DIED
Cartha DeLoach, 92, a top aide to longtime FBI director J. Edgar Hoover; as the agency’s liaison to the White House, he was an influential intermediary between Hoover and President Lyndon Johnson.
IDENTIFIED
Thieves behind the biggest art heist in U.S. history; the FBI did not reveal their names.

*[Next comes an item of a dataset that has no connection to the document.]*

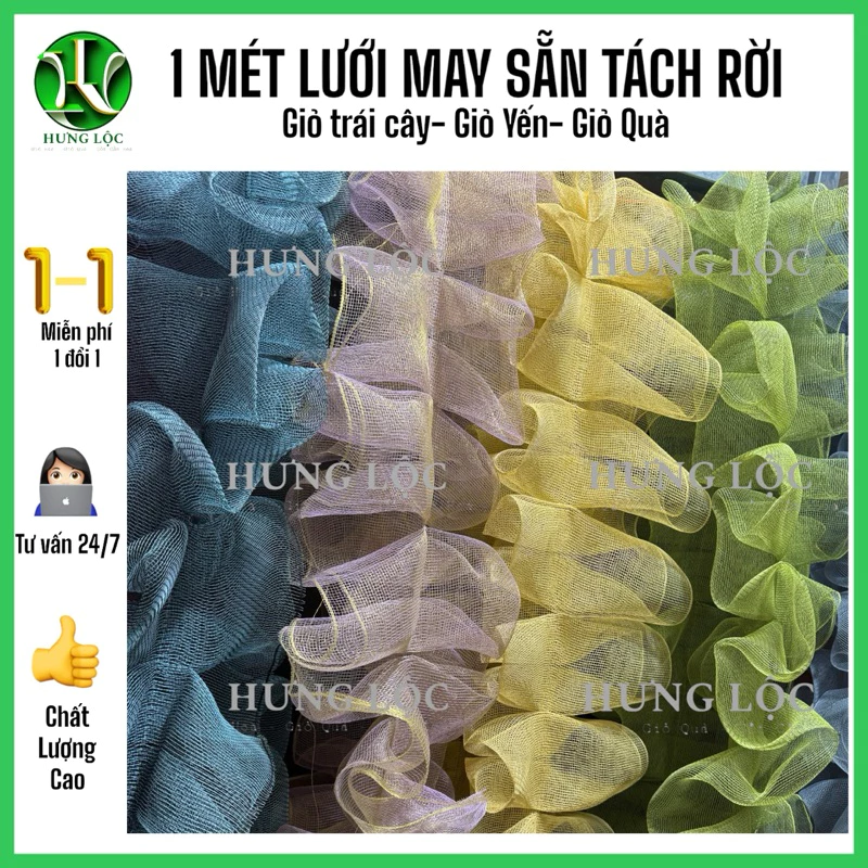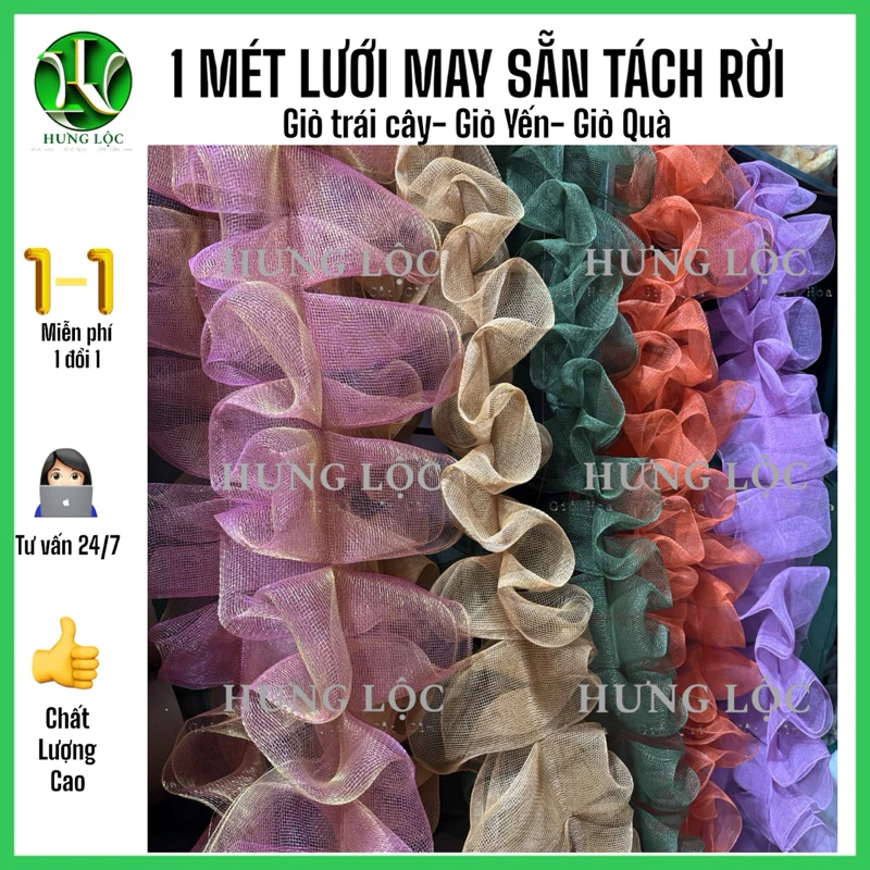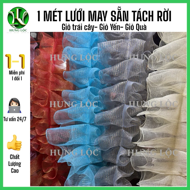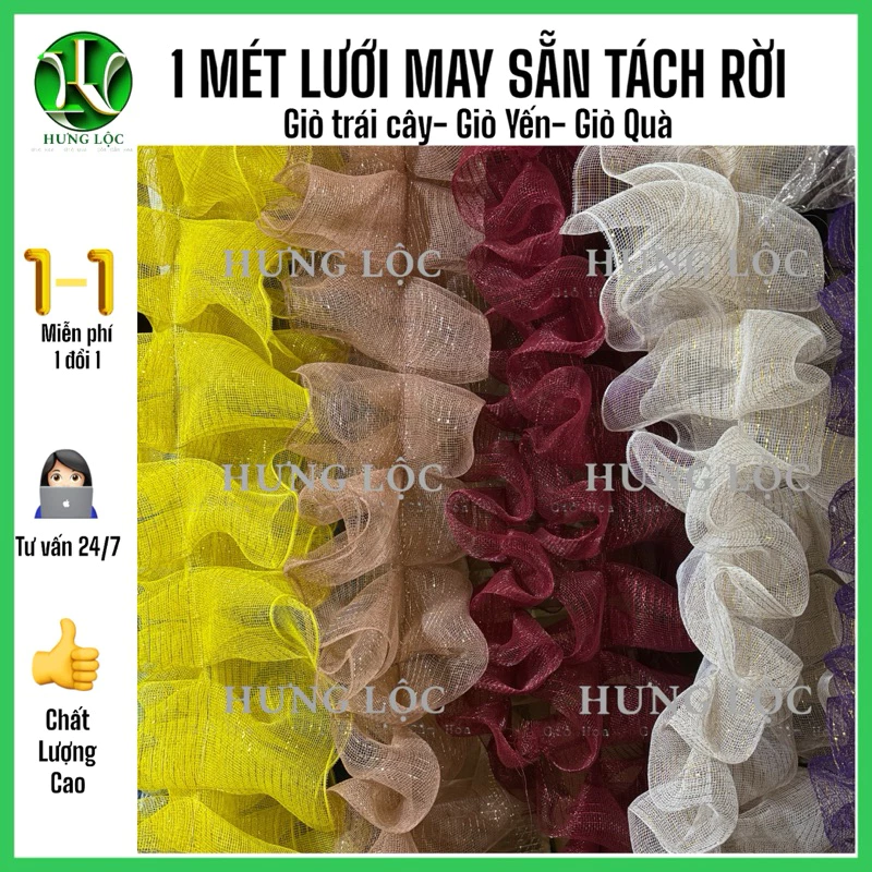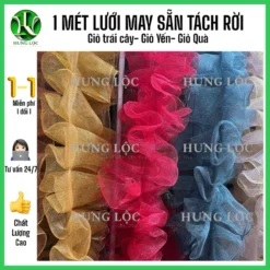 [1m] Lưới thô may xếp bèo sẵn tách rời,dán bằng keo nến hoặc ghim bấm trang trí giỏ trái cây,giỏ yến

Paintings by Rembrandt, Vermeer and others, worth $500 million, were stolen from Boston’s Isabella Stewart Gardner Museum in 1990.
DIED
Booth Gardner, 76, two-term governor of Washington; after leaving office, he backed the Death with Dignity campaign that led to his state’s passage of the nation’s second assisted-suicide law.
SIGNED
Gun laws expanding background checks and restricting ammo magazines in Colorado, eight months after a mass shooting in Aurora killed 12 people and wounded 58.
DIED
Seven U.S. Marines, when a mortar round unexpectedly exploded during a training exercise in Nevada; the military has halted use of the rounds while it conducts an investigation.
DIED
Jim Barrett, 86, vintner whose Napa Valley chardonnay won the 1976 Judgment of Paris competition, flooring the Eurocentric wine world and boosting California’s nascent wine industry.